For a moment I glared about me in terror. Was I in the workshop or the Canadian backwoods? Was the wildly whirling figure that pranced and capered about me, now advancing, now retreating, my own little sister Ernie, or a bloodthirsty Iroquois savage?

“I’ve found it! I’ve found it!” shrilled the jubilant song. “After all my hunts, Elizabeth! In the cuckoo-clock, under Hazard’s bed!—And to think we nearly sent it to Manila!”

“What are you talking about, Ernestine?” I demanded, severely. “No matter what you have found, you ought to be ashamed to shout so! You know that Miss Brown has a headache, and besides I quite mistook you for an Indian!”

Ernie dropped down beside me, and flung her arms about my neck. “Honey,” she breathed,—“it’s the contract,—the Dump-Cart Contract, at last! Stuck between the pages of an old copy of Cayler’s Engineering Magazine! And to think, we almost sent it to Manila!”

So! I understood. The room began to swim about me. My head sank limply to Ernie’s supporting shoulder.

I stood in the kitchen doorway and listened

“Don’t you dare go and faint on me!” threatened that unsympathetic young person. “If you do, I’ll spill water over your new rosebud stock. I mean it, Elizabeth!”

“You shan’t!” I retorted; and sat up, clutching my precious embroidered collar with one hand, while I extended the other for the contract.

Ernie picked up the yellow-backed magazine, which she had dropped in the window when she began her wild war-dance, and extracted a legal-looking document.

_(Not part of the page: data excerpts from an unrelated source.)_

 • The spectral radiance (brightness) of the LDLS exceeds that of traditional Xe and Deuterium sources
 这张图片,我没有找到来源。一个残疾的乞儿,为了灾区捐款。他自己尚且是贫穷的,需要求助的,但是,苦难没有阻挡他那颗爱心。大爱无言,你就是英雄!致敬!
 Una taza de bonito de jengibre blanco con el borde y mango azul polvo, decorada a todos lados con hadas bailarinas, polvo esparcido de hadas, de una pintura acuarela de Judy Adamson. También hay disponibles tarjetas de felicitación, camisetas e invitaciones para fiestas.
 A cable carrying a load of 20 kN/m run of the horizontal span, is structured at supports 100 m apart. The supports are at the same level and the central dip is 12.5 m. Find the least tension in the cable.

“Here it is,” she said; “and it was by the merest chance I found it. I knew there would be nothing in Cayler’s to interest us, though some stray engineer in Manila might like it. And I was just about to put it with these other magazines we don’t want,—when I noticed the date, and that made me think of dear father. So I opened it, just to see what he had been reading, and the first thing I came on was the contract! Oh, Elizabeth, he must have slipped it in here on his way home from Mr. Perry’s office that very afternoon! How natural it seems! And Rose cleared it away later, and we never suspected! Well!

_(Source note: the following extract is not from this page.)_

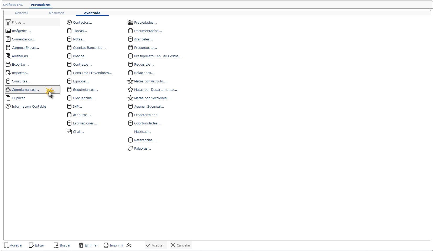 b. Luego de esto abriremos la pestaña "Avanzados" y seleccionaremos la opción "Complementos"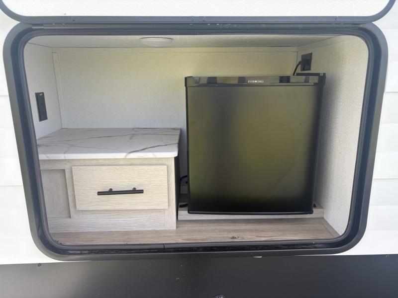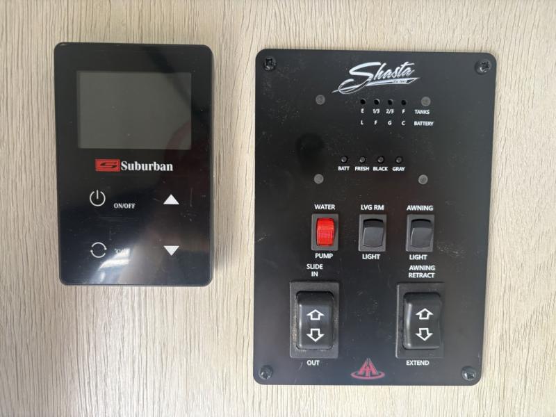 In any Shasta i-5 Edition travel trailer, you will find quality craftsmanship along with an affordable price tag. These units each feature four stabilizer jacks to make setting up easier and an enclosed underbelly for added protection as you travel. The Base Camp Package provides each unit with black tank flush, a monitor panel for quick access to the functions of your unit, a 13.5K A/C unit, and a tankless water heater for added convenience. Inside, you'll find seamless countertops, sink covers, a portable Bluetooth speaker, and more comforts!

By this time Ernie and I were reading the document through, our heads close together in the window, our hearts thumping. Despite the legal verbiage which we did not altogether understand, despite the fast-fading light, there could be no doubt. The Dump-Cart Contract was found! It was also dated, witnessed, and signed, with a pathetic little blot of ink under the dear familiar G stem in father’s name.

At first we could hardly believe our good fortune!

“Five per cent. of whatever profits the invention is making,” gasped Ernie,—“and perhaps some back money, too! Oh, Elizabeth, the boarders can leave whenever they like, now! The quicker the better—We can shut up this house, and go away to the country. Robin shall play in the clover fields, you shall drink buttermilk, and I will start a chicken farm! What a lovely surprise for mother!”

And she threw her arms about my neck, and for a while we wept and laughed together.

“And to think how ungrateful we were this very afternoon! It makes one rather ashamed doesn’t it, dear?” I concluded, with a penitent sniff. “Haze and I will go and see Uncle George this evening. He will advise us.”

“About what?” asked Hazard’s voice, with a worried little accent, from the attic stairs. “Has anything happened? Is there bad news from mother?”

“No, indeed,” we answered. “Come in. Light the gas. We’ve something to show you.”

So Hazard came. Ernie struck a match, and again in the dear, familiar workshop, where so many important councils have been held, so many family problems settled, we read the contract through together.

“Well,” says Haze, with a little sigh. “So it is really found! What a scamp that Perry is! Yes, Elizabeth, you and I will see Uncle George this evening.”

“I’m coming, too,” piped Ernie. “I found it! I want to see what he will say!”

So after dinner,—where it was rather trying, I can tell you, to talk and eat as if nothing had happened because we did not think it wise for the boarders to suspect till things should be a little more definitely settled,—we slipped into our hats and jackets and hurried around to Uncle George’s.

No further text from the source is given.